COS 82-10
High abundance and complementarity, but not species richness, of rare and declining bees in flowering agricultural crops

Wednesday, August 12, 2015: 4:40 PM
321, Baltimore Convention Center
Faye Benjamin, Ecology & Evolution Graduate Program, Rutgers University, New Brunswick, NJ
Rachael Winfree, Department of Ecology, Evolution, and Natural Resources, Rutgers University, New Brunswick, NJ
Background/Question/Methods

Agriculture is a primary cause of biodiversity loss worldwide, and conservation objectives and agricultural production are typically viewed as divergent priorities. Yet agricultural habitats are also used by many native species, including rare ones. Here we compare the number of rare and declining bee species between two land use categories: flowering crop fields, and natural habitats. We then determine whether the different habitat types within each land use category are complementary to each other in terms of the rare and declining bee species found in each. We first defined the rare and declining bees for our region using a large data set based on museum specimens. We then used data we collected on bees hand-netted while foraging on flowers in six habitat types (three crop types and three natural communities). We compared abundance and species richness of rare and declining bees between land use types using a Wilcoxon Mann-Whitney rank sum test.
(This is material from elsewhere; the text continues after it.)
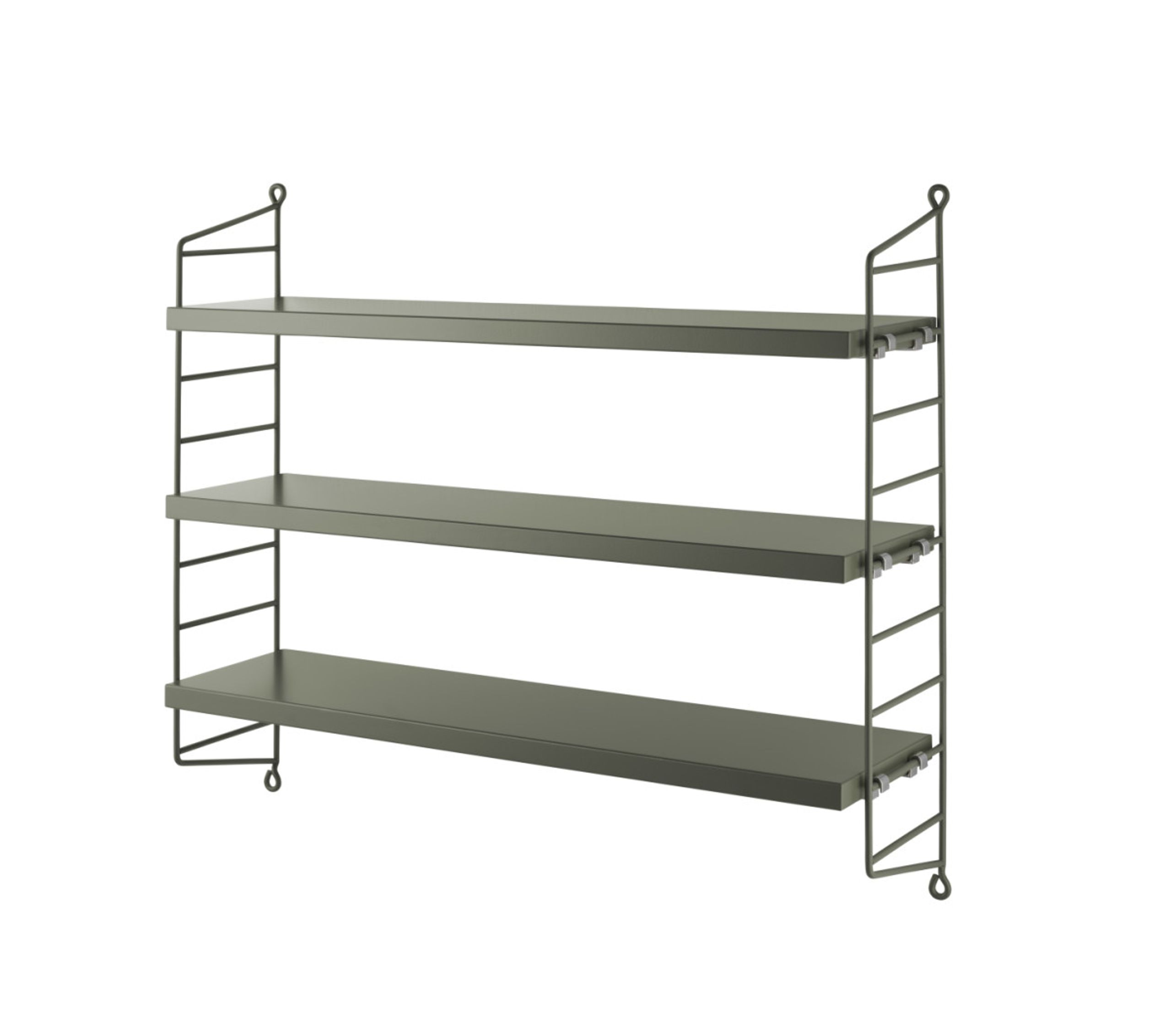 Reolen er designet til at fungere både som en praktisk og æstetisk tilføjelse til dit hjem. String Pocket er ideel som natbord eller ekstra opbevaringsflade i entreen og kan nemt tilpasses forskellige rum og behov. De perforerede metalhylder med en lav kant på 2 cm understøtter tilføjelsen af kroge og stænger for øget opbevaringskapacitet, hvilket gør det muligt at skabe en skræddersyet løsning. Dette fleksible system inviterer til kreativitet og giver plads til at udtrykke personlighed gennem indretning, hvor det både kan stå alene eller integreres med andre møbler for et sammenhængende look.

To test complementarity between habitat types, we adapted an equation used for determining overyielding in biodiversity-ecosystem function research (Dmax) to determine whether combinations of habitats “overyielded” with a greater species richness than any individual habitat type.

Results/Conclusions

In total we analyzed 7357 specimens of 172 bee species. Our rank test indicated that rare bees were significantly more abundant in agricultural as compared with natural habitats (p=0.005, Z = 2.8); however, our results were largely driven by two crop-specialist species (Habropoda laboriosa and Melitta americana) that accounted for the majority of rare bees on crops. There was no significant difference between land use categories for abundance of declining bees (Z=0.27, p=0.79) or for species richness of rare (Z=-0.22, p=0.85) or declining (Z=-0.89, p=0.38) bees. We also found evidence of complementarity (Dmax>0 for all combinations) between habitats in the agricultural land use category but not in the natural land use category; combinations of agricultural habitat types (but not natural habitat types) supported greater bee species richness than did any single habitat type.